The top five events with population health consequences were determined and ranked by either the total number of injuries and the total number of fatalities. Similarly, the top five events with economic consequences were determined and ranked by the total damages to crops and property. While tornados cause the greatest number of injuries and fatalities, floods cause the greatest economic damage as measured by the sum of crop and property damage.
Data from NOAA Storm Database from 1950 to November of 2011 was read into R as a zip file. The database tracks major storms and severe weather event characterisics, including property and crop damage estimates as well as any associated injuries and fatalities.

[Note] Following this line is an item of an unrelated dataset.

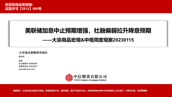 【中信期货】【20230115】大宗商品宏观&中观周度观察:美联储加息中止预期增强,社融偏弱拉升降息预期-63页

The EVTYPE, event type, variable was used to create subsets of the entire dataset to answer specific questions regarding population health, as measured by injuries and fatalities, and regarding economic consequences, as measured by the sum of crop and property damage estimates for each incident.
library(dplyr)
library(lattice)
library(ggplot2)
library(knitr)
#read zip file into R
newdata <- read.csv("repdata-data-StormData.csv.bz2")
newdata$EVTYPE <- toupper(as.character(newdata$EVTYPE))
newdata$EVTYPE <- as.factor(newdata$EVTYPE)
# create subsets of dataset for answers to questions
health <- group_by(newdata, EVTYPE)
y <- colnames(newdata)
# find column numbers of events and damages
damage_logic <- grep("*[A-Z]DMG|EVTYPE", y)
# subset dataset for events and damages
DMGdata <- newdata[damage_logic]
factorTOnumber <- function(x) {
# function to convert order of magnitude factor to number
facts <- c("B", "M", "K", "H")
num <- c("1000000000", "1000000", "1000", "100")
#convert lower case entries to upper case
x<- toupper(as.character(x))
# assume entries which are not in facts are typos
# set typos to 1
x <- gsub("[^MBKH]","1",x)
# convert factors to numbers
for (i in 1:length(facts)) {
x <- gsub(facts[i], num[i],as.character(x))
}
x <- as.numeric(x)
# check for NAs?
for(i in 1:length(x)) {
if(is.na(x[i])) {
x[i] <- 1
}
}
x
}
# clean up damage dataset
DMGdata$PROPDMGEXP <-factorTOnumber(DMGdata$PROPDMGEXP)
DMGdata$CROPDMGEXP <-factorTOnumber(DMGdata$CROPDMGEXP)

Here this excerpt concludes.